July 9, 2026
Commit drama just dropped
How Version Control Will Evolve for the Agent Boom
AI wants to rewrite how coders save work, but the comments are already in revolt
TLDR: The article says code history must expand for the AI era, storing the bot’s full thought trail instead of just the finished files. Commenters were split between curiosity and eye-rolling, with many saying AI already creates too much messy work to trust without heavy supervision.
The big pitch here is that the way programmers save and track code may need a glow-up for the age of AI. The article argues that plain old code snapshots are no longer enough when bots are writing huge chunks of software. Instead, it says the real treasure is the behind-the-scenes trail: prompts, decisions, mistakes, and tool usage. In other words, not just what got written, but why. The dream is a future where that history lives next to the code, helping both humans and AI avoid repeating the same disasters and making it easier to understand what on earth happened.

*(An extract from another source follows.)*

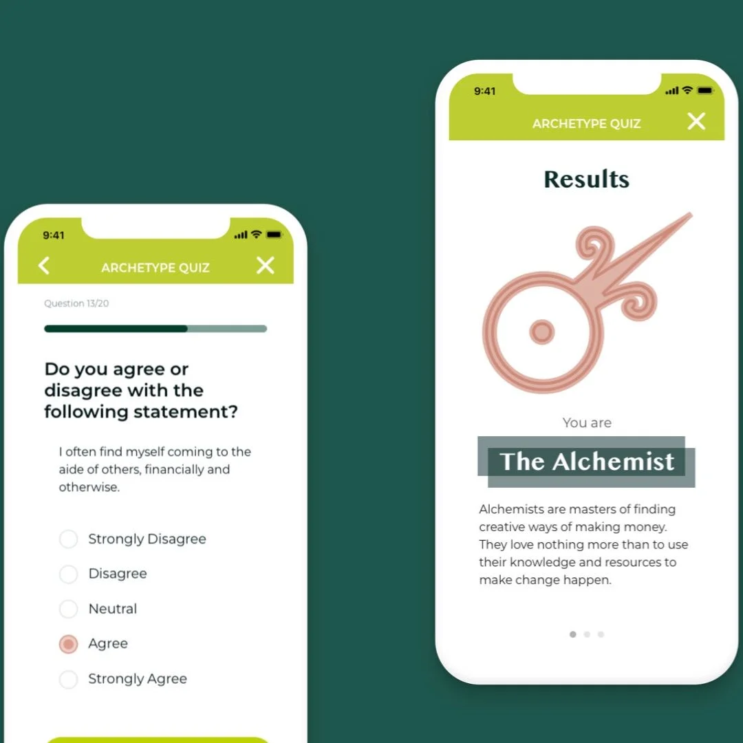 In the Money Coven app, an assessment of the user’s financial attitudes and values uncovers their Money Archetype. In Jungian psychology, archetypes are character or behavior models that we, sometimes subconsciously, use to shape our own personalities. Many of the archetypes in the tarot cards are also present in psychology literature, so Yuko leveraged the complementary practices to produce a compelling and unconventional narrative within a personal finance app. Yuko explains, “Identifying your archetype is useful because, when you can observe an archetype operating within you, you then have the opportunity to differentiate yourself from it.”

But the comment section? Absolutely not ready to clap on cue. One of the loudest reactions was basically: pull requests — the normal way coders review changes — are becoming a nightmare when AI produces oceans of wordy junk. One commenter bluntly called it "verbose slop," arguing it may be easier for a project owner to tell their own AI helper to rebuild an idea from scratch than trust code from a stranger. Ouch. Another crowd favorite asked if this whole thing is just an old idea in new packaging, while skeptics piled on saying AI coding tools still have terrible discipline and skip tests unless babysat.
And then came the spicy futurists, predicting we may ditch Git entirely for weirder systems built more for machines than humans. So yes, the article says version control is evolving. The internet says: cool story, but first teach the robots basic manners.
Key Points
- •The article says Git is likely to remain central to software development due to its ecosystem, even as coding workflows change.
- •It proposes storing AI agent session logs—such as prompts, tool calls, checkpoints, and decisions—alongside code in repositories.
- •The article argues that preserving this semantic context would improve agent accuracy, productivity, token efficiency, and human review speed.
- •It says centralized Git hosting models may become a bottleneck for large fleets of coding agents because of rate limits, outages, and scalability constraints.
- •The article advocates a more decentralized, replicated hosting model to improve resilience, scalability, and regional data sovereignty.